Converting pdf table into html format

537 Views Asked by At

I have a pdf which has this type of table and I need to convert the respective table into html file using python but I am not able to calculate rowspan and colspan attributes and the generated table looks different.

I tried this code but it not able to calculate rowspan and colspan properly. can Camelot able to do this?

import pdfplumber
from bs4 import BeautifulSoup

# Function to convert list of lists to HTML table
def list_to_html_table(data):
    html_table = "<table>\n"
    for row in data:
        html_table += "  <tr>\n"
        for cell in row:
            html_table += cell
        html_table += "  </tr>\n"
    html_table += "</table>"
    return html_table

# PDF file path
pdf_file = 'simple_rowspan_colspan.pdf'

# Extract tables from the PDF using pdfplumber
pdf = pdfplumber.open(pdf_file)
html_tables = []

for page in pdf.pages:
    page_tables = page.extract_tables()
    for table_data in page_tables:
        num_rows = len(table_data)
        num_cols = max(len(row) for row in table_data)
        cell_data = [[''] * num_cols for _ in range(num_rows)]

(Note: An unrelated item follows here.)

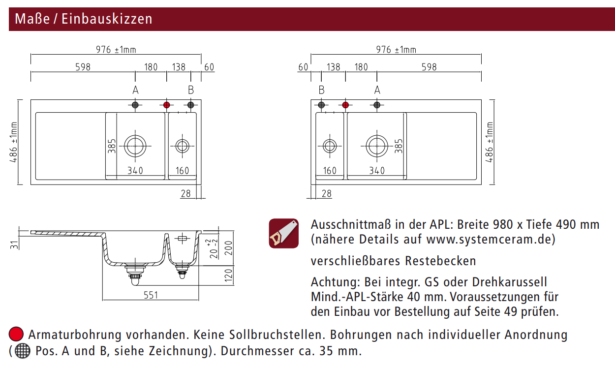 - Ausschnittmaß in der APL: Breite 980 x Tiefe 490 mm

        for i, row in enumerate(table_data):
            for j, cell in enumerate(row):
                if cell:
                    rowspan, colspan = 1, 1

                    # Check for rowspan
                    for k in range(i + 1, num_rows):
                        if cell_data[k][j] == '':
                            rowspan += 1
                        else:
                            break

                    # Check for colspan
                    for k in range(j + 1, j + colspan):
                        if k < num_cols:
                            if cell_data[i][k] == '':
                                colspan += 1
                            else:
                                break

                    cell_text = f'<td rowspan="{rowspan}" colspan="{colspan}">{cell}</td>'
                    cell_data[i][j] = cell_text

        # Convert the data into an HTML table
        html_table = list_to_html_table(cell_data)
        html_tables.append(html_table)

# Combine all HTML tables into a single HTML document
output_html = "\n".join(html_tables)

# Parse the HTML to beautify it
soup = BeautifulSoup(output_html, 'html.parser')
pretty_html = soup.prettify()

# Print or save the prettified HTML output as needed
print(pretty_html)

# Save the HTML table to a file or print it as needed
with open('output_table.html', 'w', encoding='utf-8') as html_file:
    html_file.write(output_html)
1

There are 1 best solutions below

1
Sauron On
  • Camelot is be used to extract tables from PDF files, you can give a try on that too. In this code
  • When you are checking colspan, it only checks for colspan in the next column (j + 1), but it should check for colspan in the range from j + 1 to j + colspan and also not to exceed no. of columns.
# Check for colspan
for k in range(j + 1, min(j + 1 + colspan, num_cols)):
    if cell_data[i][k] == '':
        colspan += 1
    else:
        break
# ...rest